_Exercise_
Starting with the line that holds "117, Medellín) |" and stopping after the line that holds "Zu den Highlights", repeat the lines below word for word, without the pictures.

_Entries supplied_
____
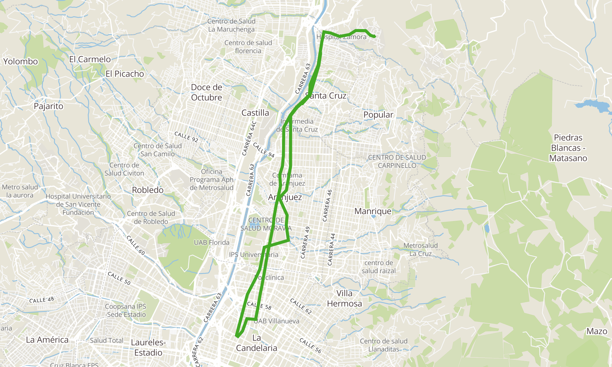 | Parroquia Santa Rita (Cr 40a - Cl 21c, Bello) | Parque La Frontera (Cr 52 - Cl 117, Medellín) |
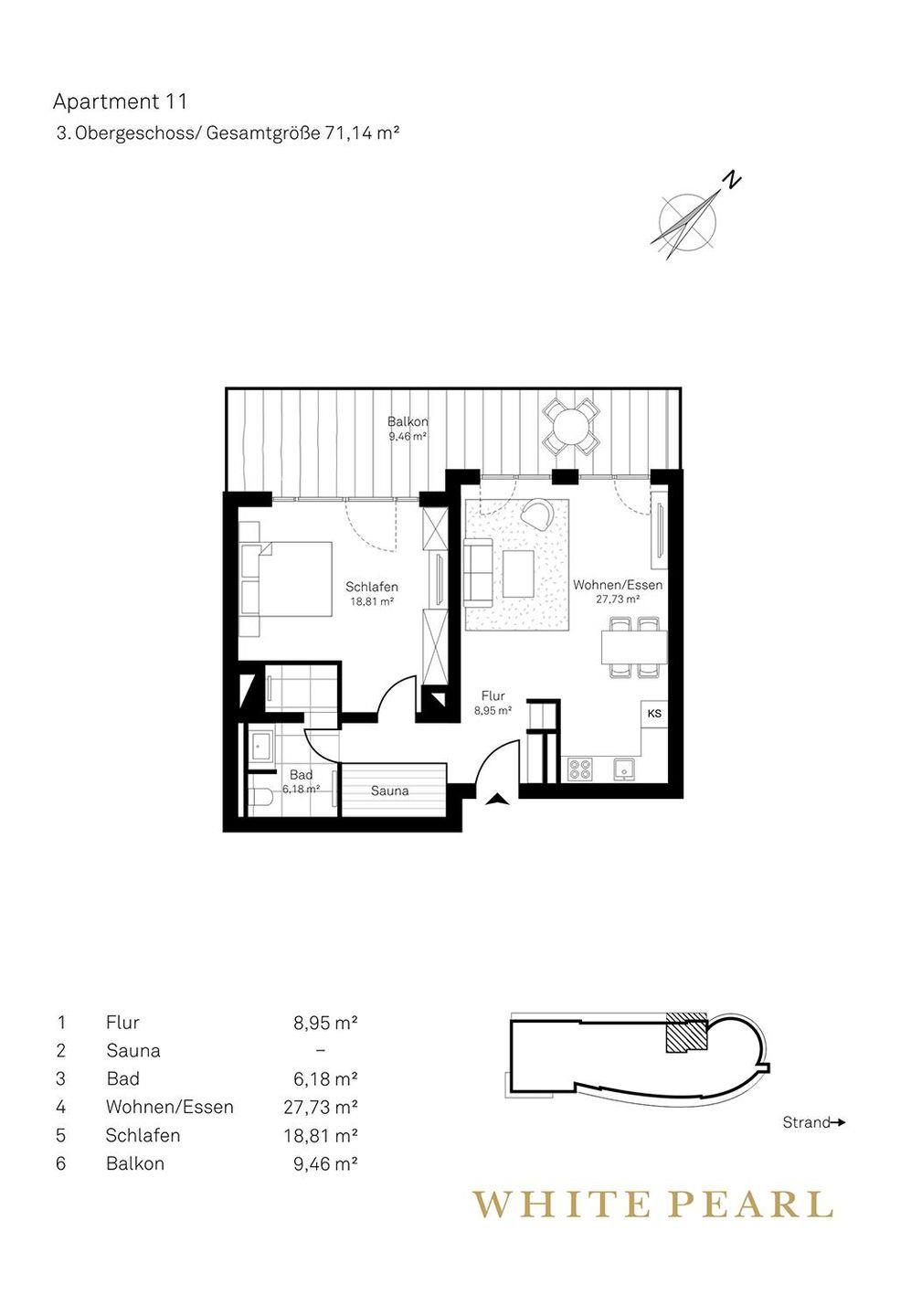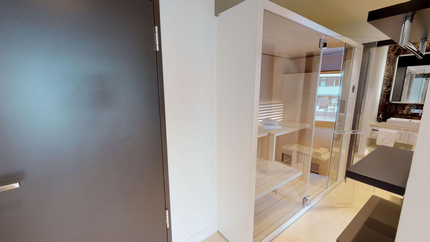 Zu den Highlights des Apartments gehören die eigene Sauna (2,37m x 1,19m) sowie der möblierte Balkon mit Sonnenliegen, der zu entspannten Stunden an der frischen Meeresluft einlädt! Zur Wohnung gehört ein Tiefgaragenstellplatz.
____
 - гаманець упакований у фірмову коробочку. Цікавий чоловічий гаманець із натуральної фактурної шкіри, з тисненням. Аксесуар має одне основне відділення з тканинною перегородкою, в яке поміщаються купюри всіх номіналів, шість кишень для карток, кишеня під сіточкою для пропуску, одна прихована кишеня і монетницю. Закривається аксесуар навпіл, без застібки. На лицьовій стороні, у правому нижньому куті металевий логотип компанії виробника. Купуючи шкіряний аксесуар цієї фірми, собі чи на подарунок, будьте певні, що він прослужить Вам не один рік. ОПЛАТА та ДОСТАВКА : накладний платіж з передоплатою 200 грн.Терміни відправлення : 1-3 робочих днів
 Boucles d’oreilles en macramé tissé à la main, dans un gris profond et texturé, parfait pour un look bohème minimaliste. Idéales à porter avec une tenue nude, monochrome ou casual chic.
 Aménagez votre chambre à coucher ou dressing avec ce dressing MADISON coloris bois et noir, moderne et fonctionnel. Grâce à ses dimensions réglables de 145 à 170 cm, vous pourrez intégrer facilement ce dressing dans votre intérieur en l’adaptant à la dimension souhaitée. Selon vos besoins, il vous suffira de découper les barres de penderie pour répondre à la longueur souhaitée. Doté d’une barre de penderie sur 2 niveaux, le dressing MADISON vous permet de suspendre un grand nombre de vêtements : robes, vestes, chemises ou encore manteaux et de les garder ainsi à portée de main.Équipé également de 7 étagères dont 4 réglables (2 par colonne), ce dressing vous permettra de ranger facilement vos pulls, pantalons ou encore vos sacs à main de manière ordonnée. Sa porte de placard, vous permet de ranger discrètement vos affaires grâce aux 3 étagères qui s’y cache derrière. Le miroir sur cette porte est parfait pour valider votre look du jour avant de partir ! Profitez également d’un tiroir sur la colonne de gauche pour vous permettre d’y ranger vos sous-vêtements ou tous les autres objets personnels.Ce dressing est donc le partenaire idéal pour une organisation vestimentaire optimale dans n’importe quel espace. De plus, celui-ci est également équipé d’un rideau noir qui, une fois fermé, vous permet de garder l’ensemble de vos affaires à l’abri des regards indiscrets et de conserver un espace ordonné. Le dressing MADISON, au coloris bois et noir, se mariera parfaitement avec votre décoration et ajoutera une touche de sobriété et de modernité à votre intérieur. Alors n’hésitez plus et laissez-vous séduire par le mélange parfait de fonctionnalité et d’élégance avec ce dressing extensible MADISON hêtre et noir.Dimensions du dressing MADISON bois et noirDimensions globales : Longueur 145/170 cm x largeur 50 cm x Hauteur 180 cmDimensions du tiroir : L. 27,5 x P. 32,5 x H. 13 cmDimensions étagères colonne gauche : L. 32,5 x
____
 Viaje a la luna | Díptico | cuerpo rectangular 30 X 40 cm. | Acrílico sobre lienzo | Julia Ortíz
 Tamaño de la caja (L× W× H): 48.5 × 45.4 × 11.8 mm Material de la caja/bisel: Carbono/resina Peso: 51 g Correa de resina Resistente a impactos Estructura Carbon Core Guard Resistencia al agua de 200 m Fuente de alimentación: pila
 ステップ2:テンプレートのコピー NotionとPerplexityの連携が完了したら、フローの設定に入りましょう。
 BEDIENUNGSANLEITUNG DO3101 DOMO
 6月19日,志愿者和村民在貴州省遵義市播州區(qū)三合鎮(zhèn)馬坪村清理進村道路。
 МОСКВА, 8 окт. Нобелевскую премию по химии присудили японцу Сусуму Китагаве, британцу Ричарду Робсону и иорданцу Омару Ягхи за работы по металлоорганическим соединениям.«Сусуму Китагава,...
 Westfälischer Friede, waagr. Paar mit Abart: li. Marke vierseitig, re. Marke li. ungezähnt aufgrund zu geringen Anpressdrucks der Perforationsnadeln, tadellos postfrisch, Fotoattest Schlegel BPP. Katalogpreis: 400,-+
____
_Answer section_
 | Parroquia Santa Rita (Cr 40a - Cl 21c, Bello) | Parque La Frontera (Cr 52 - Cl 117, Medellín) |
 Zu den Highlights des Apartments gehören die eigene Sauna (2,37m x 1,19m) sowie der möblierte Balkon mit Sonnenliegen, der zu entspannten Stunden an der frischen Meeresluft einlädt! Zur Wohnung gehört ein Tiefgaragenstellplatz.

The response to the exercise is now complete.